Grillen mit Gas oder Strom?

Eine saubere Sache ist es, sein Grillgut auf einem Gas- oder Elektrogrill zu garen. Somit fällt weder Rauch noch Asche an. Pluspunkte sammelt das Grillen mit Gas oder dem Strom aus der Steckdose auch dadurch, dass sowohl ein Elektro- als auch ein Gasgrill in kurzer Zeit einen hohen Hitzegrad erreichen. Zudem lassen sie sich relativ leicht wieder reinigen. Beide Grillmethoden eignen sich daher für Ungeduldige und besonders Hungrige. Beklagt wird allerdings die Nüchternheit von Gas- oder Elektrogrills. Mit dem speziellen Charakter eines echten Holzkohlegrills oder auch Lagerfeuers haben diese tatsächlich wenig zu tun.

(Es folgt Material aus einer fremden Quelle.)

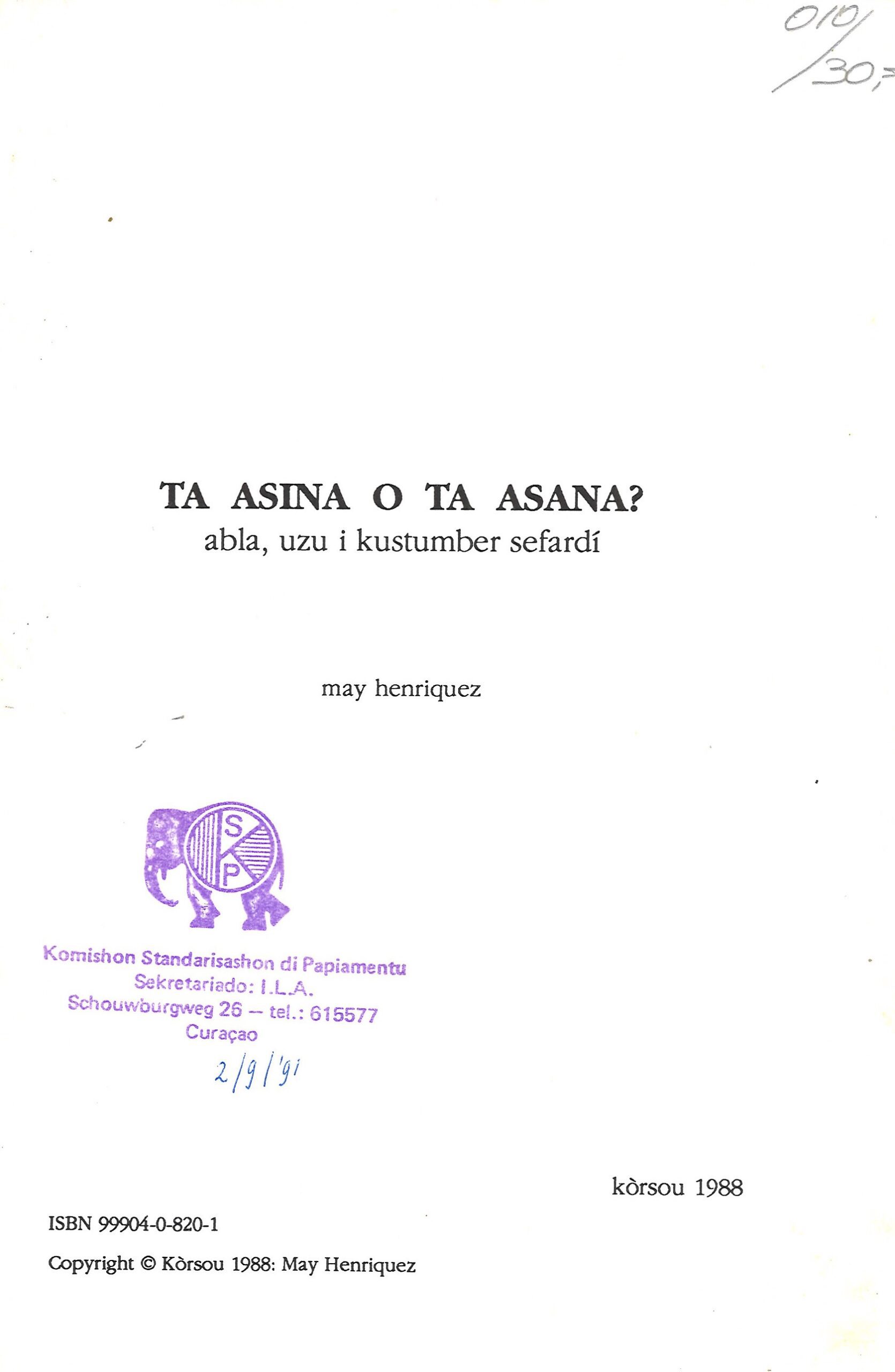 ‘Ta asina? O ta asana?’ ta un buki ku May Henriquez a skibi pa dokumentá i preservá e idioma, tradishon i manera di papia di komunidat sefardí na Kòrsou. E obra ta un kolekshon di palabra, ekspreshon, chiste i maneranan sosial di antes. Henriquez ta konta e historia ku humor i klaridat, i su intenshon ta pa si e no por kambia e futuro, al menos e por salba un parti di pasado. E buki ta un homenaje na un kulturanan ku ta disparsé poko poko.

Beim Grillen mit Holzkohle oder Feuerkorb ist besondere Vorsicht geboten

Wer mehr Zeit mitbringt und das Grillen zelebrieren möchte, für den kommt ein Holzkohlegrill in Frage. Dieser benötigt allerdings einen gewissen Mehraufwand, um die nötige Hitze zu liefern. Beim Anzünden sollte man auf spezielle Anzündwürfel zurückgreifen. Auf Spiritus sollte man ausdrücklich verzichten. Jährlich kommt es wegen leichtsinnigem Umgang mit Spiritus beim Grillen immer wieder zu Verbrennungsunfällen. Wichtig ist daher ein verantwortungsbewusster Umgang mit Feuer. Vor allem sollten Kinder nie unbeaufsichtigt sein. Eine Alternative zu Holzkohlegrills sind Feuerkörbe mit einem Grillrost. Diese Feuerkörbe erinnern in gewisser Weise an die Schwedenfeuer, die es bereits zur Zeit des Dreißigjährigen Kriegs gab. Dafür wird der Stamm eines Nadelbaums in der Mitte eingeschnitten. Ein seitliche Öffnung ermöglicht die Regulierung der Luftzufuhr und somit der Flammen.